Zayıflama çaylarının ortak noktası sinameki
Hemen hemen her zayıflama çay karışımında sinameki bitkisi bulunur. Barsakları çalıştırmasıyla yüzyıllardır akut kabızlığın tedavisinde geleneksel yöntem olarak kullanılan bu bitkinin uzun dönem kullanımı bağırsak sağlığını olumsuz yönde etkiler. Bazı hücrelerin zarar görerek besin öğelerinin bazılarının vücut tarafından emilememesi söz konusu olur.En önemli yan etkileri; bazı enfeksiyonlar, ishaller, karaciğer hastalıkları, kabızlığın kronikleşmesi ve kolite benzer bağırsak hastalıklarının oluşmasıdır.
Zayıflama çaylarının içine sinameki konulmasının en önemli nedeni müshil etkisidir. Unutmayın şişmanlık vücutta kilo fazlalığı değil yağ fazlalığıdır. Vücuttan aşırı şekilde su kaybettiren ve dışkı oluşumunu artırarak gerekli birçok vitamin ve mineralin kullanılmadan atılmasını sağlar. Bu da uzun dönemde ciddi hastalıklara zemin hazırlar.
Zayıflama çaylarının diğer bir ortak noktası idrar söktürmesidir
Günlük olarak bir kişinin ter, solumum, idrar ve dışkı yoluyla 2,5 litre su kaybettiği, buna karşılık metabolizmanın ürettiği su, yiyecek ve içeceklerle alınan suyun da 2,5 litre civarında olduğu bilinmektedir. Alınan ve kaybedilen sıvının her zaman dengede olması sağlığın korunmasında birinci derecede önemlidir.
Fazla idrara çıkmaya sebep olan yani di-üretik etkisi olan bitkiler vücuttan aşırı miktarda sıvı kaybı sağlamaktadır. Kaybedilen sıvı tartıya çıkınca kilo kaybı olarak yansıdığından zayıflama konusunda ticari faaliyet yapanların ilgi odağı olmuş ve diyet pazarına zayıflatıcı ürün olarak girmesi sağlanmıştır.
Bitki çaylarında bulunan flavonoidler gibi antioksidan maddelerin bazı yararları olabilir, ancak unutulmaması gereken konu bitki çaylarının doz aşımı durumunda zehirleyici olabildikleridir.
Bitkisel çaylar bilinçli tüketilmeli
İlaçların birçoğu bitkisel özlerden elde edilmektedir.

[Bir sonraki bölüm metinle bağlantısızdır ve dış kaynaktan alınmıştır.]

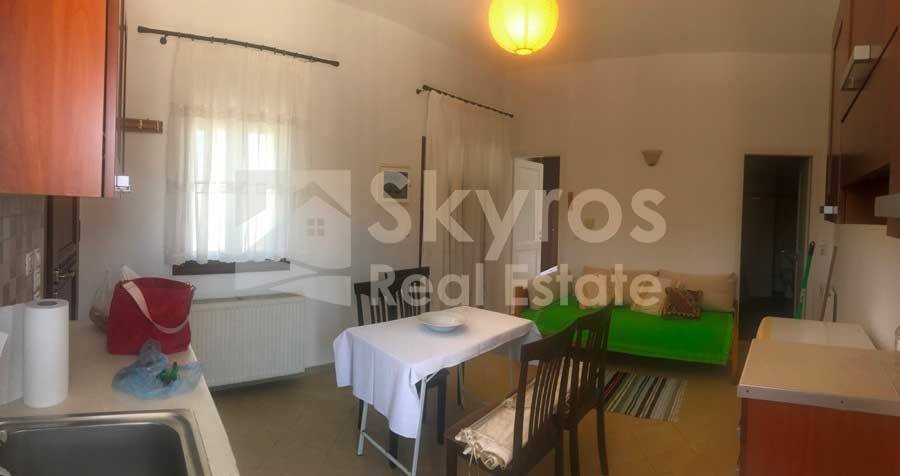 Δυο αυτόνομες κατοικίες στην καρδιά της Χώρας Σκύρου, σε άριστη κατάσταση. Το ισόγειο είναι 45,60τμ με υπόγειο 19,95τμ και 25 τ.μ. βεράντα Ο όροφος 39,25τμ με μπαλκόνια περίπου 8 τ.μ. Το καθένα διαθέτει κουζίνα με καθιστικό σε ενιαίο δωμάτιο , μπάνιο με μπανιέρα και κρεβατοκάμαρα Διαθέτει εγκατάσταση για κεντρική θέρμανση και air condition, ξύλινα ενεργειακά κουφώματα με ανάκληση και σίτες . Έτος κατασκευής 2013 Πωλείται ενιαίο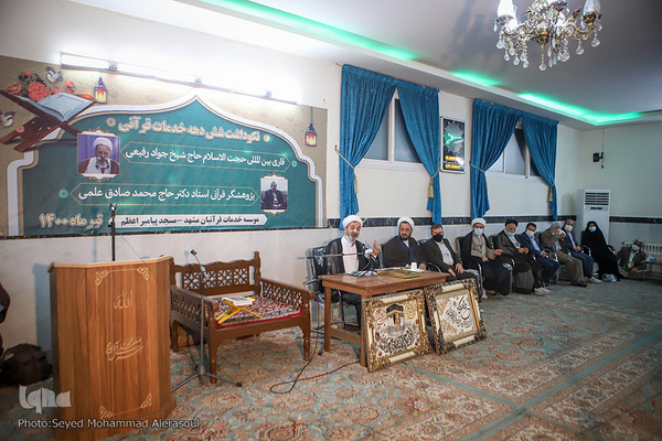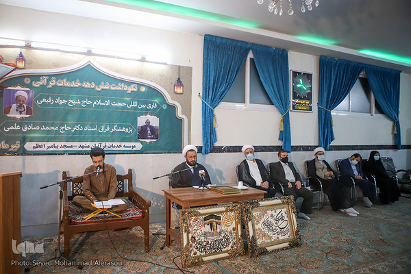 محفل انس با قرآن و آیین بزرگداشت 6 دهه خدمات قرآنی، قاری بینالمللی حجتالاسلام والمسلمین جواد رفیعی و پژوهشگر قرآنی، محمدصادق علمی، شامگاه گذشته 24 تیرماه، بههمت مؤسسه خدمات قرآنیان مشهد، در مسجد پیامبر اعظم(ص) برگزار شد.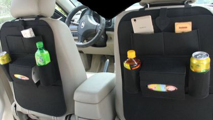 Универсален органайзер за кола, за 2 бутилки, поставка за телефон и джобове, за седалка на автомобила.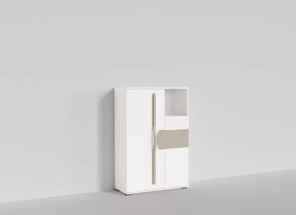 Nappali Elegance - Magas Fiókos Komód - E Modul - Finom és elegáns jegyek, amelyek friss levegőt kölcsönöznek az egész szobának, világos érzetet keltve.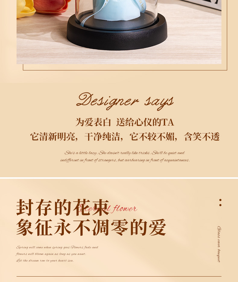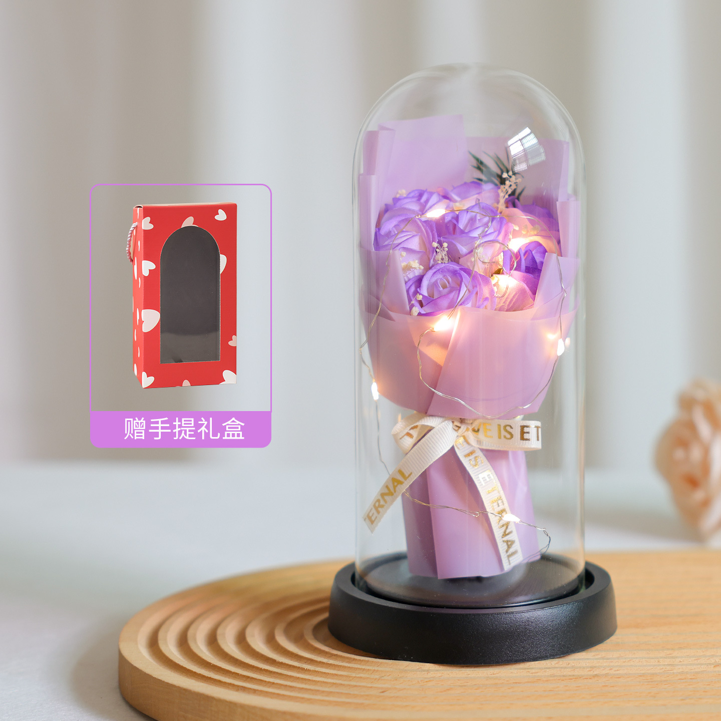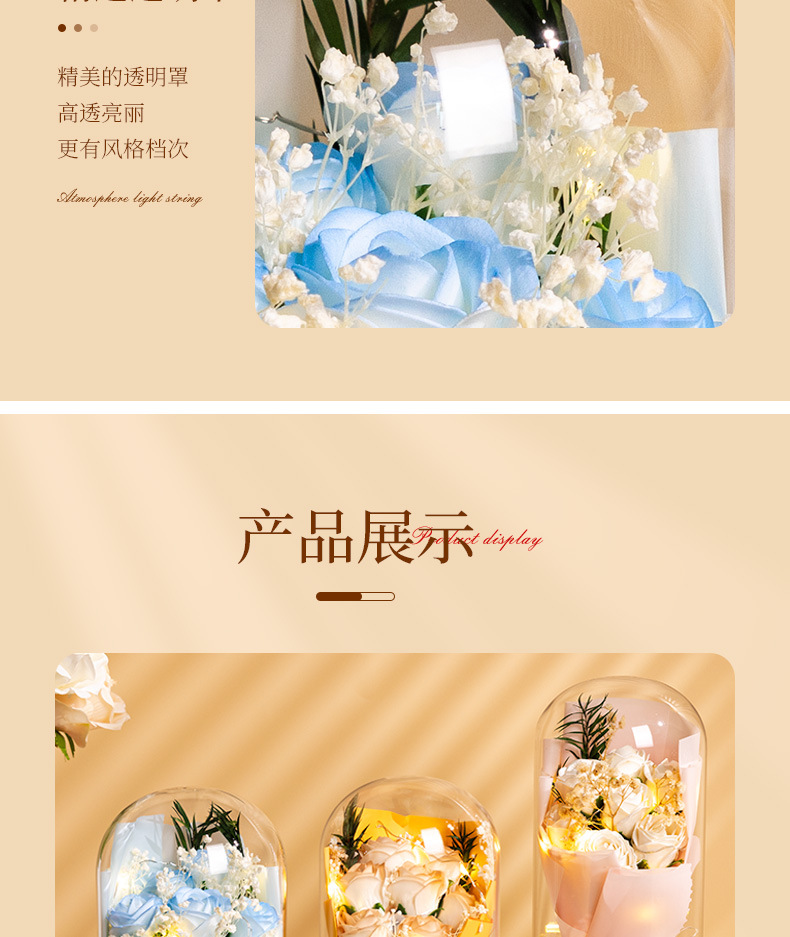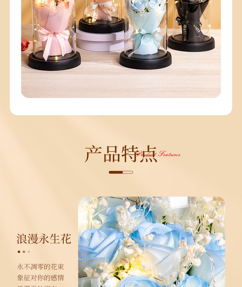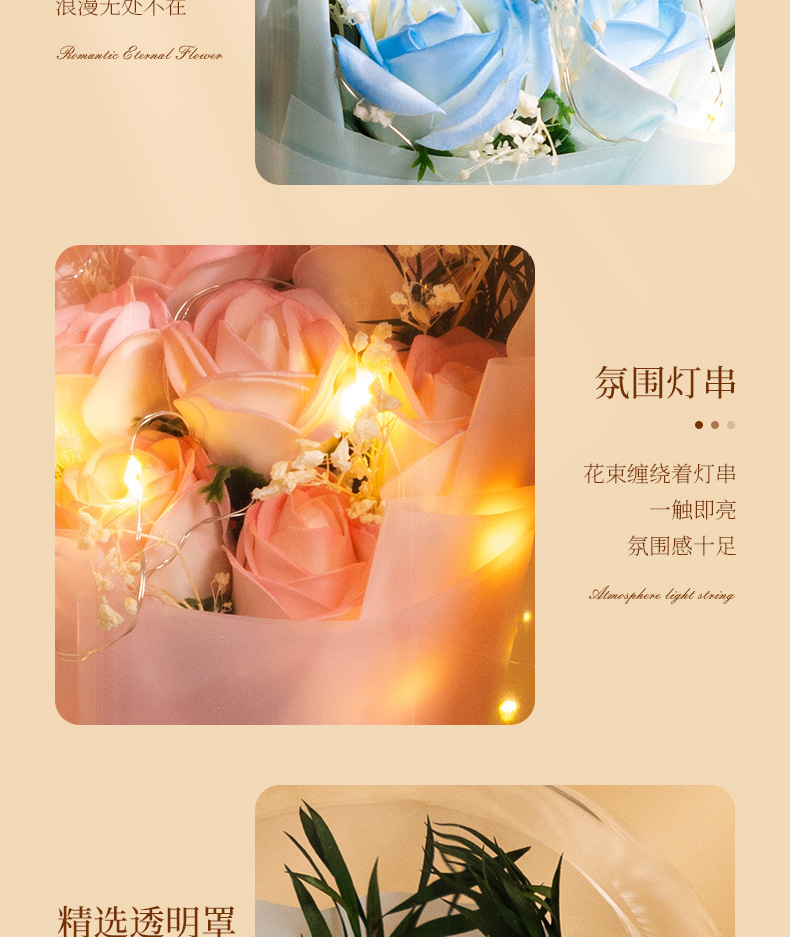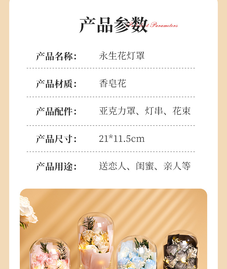 亚克力罩玫瑰香皂花永生花干花束礼盒发光生日礼物送女友实用摆件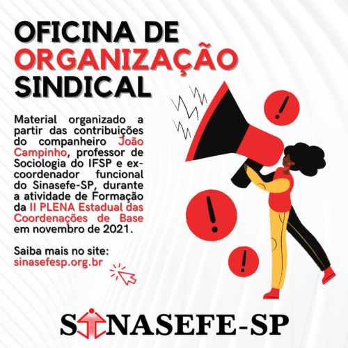 OFICINA DE ORGANIZAÇÃO SINDICAL | Material organizado a partir das contribuições do companheiro João Campinho, professor de Sociologia do IFSP e ex-coordenador funcional do Sinasefe-SP, durante a atividade de Formação da II PLENA Estadual das Coordenações de Base em novembro de 2021.

Yani bitkilerin tedavide kullanılması yeni bir kavram değildir. Ancak bitkilerin tedavi edici özelliği bilimsel olarak kanıtlanmış olmalı ve mutlaka standartlaştırılarak kullanım dozu belirlenmelidir. Piyasa satılan tüm ilaçlar klinik olarak etkinliği kanıtlandıktan sonra Sağlık Bakanlığının izniyle piyasaya sürülmektedir.
Aktar veya benzer yerlerde satılan birçok bitkinin ve çayının nereden toplandığı, nasıl saklandığı, etken maddesinin yoğunluğu bilinmemektedir. Bu nedenle bilinçsizce tüketimi toksik etki yaratarak ölüme bile neden olabilir.
Bitkilerde bulunan etken maddelerin bazı ilaçlarla ters etkileşime girdiğini de akıllardan çıkarmamak gerekir. Örneğin baş ağrısı için ya da tansiyonunuz için kullandığınız ilaçlarla etkileşebilen bu etkenler, kanamaya neden olabilir, kanın pıhtılaşmasını sağlayabilir, zehirleyebilir kısaca sizi hastanelik edebilir.
Çarpıcı bir örnek:
Kekik çayı içerek acile kaldırılan kişileri yakın zamanda medyadan duymuşsunuzdur. Kekiğe benzer en az 10 çeşit bitkinin var olduğunu bu nedenle her kekiğin aynı olmadığını, içindeki etken maddenin her türünde farklı dozlarda bulunduğunu aklınızdan çıkarmayın.
Tabi örnek olarak kekikten bahsettim, daha birçok bitkinin aynı şekilde zehirli olabilen benzerlerine her zaman rastlamak mümkündür.
Siz siz olun konunun uzmanına danışmadan bilinçsizce bu ürünleri kullanmayın.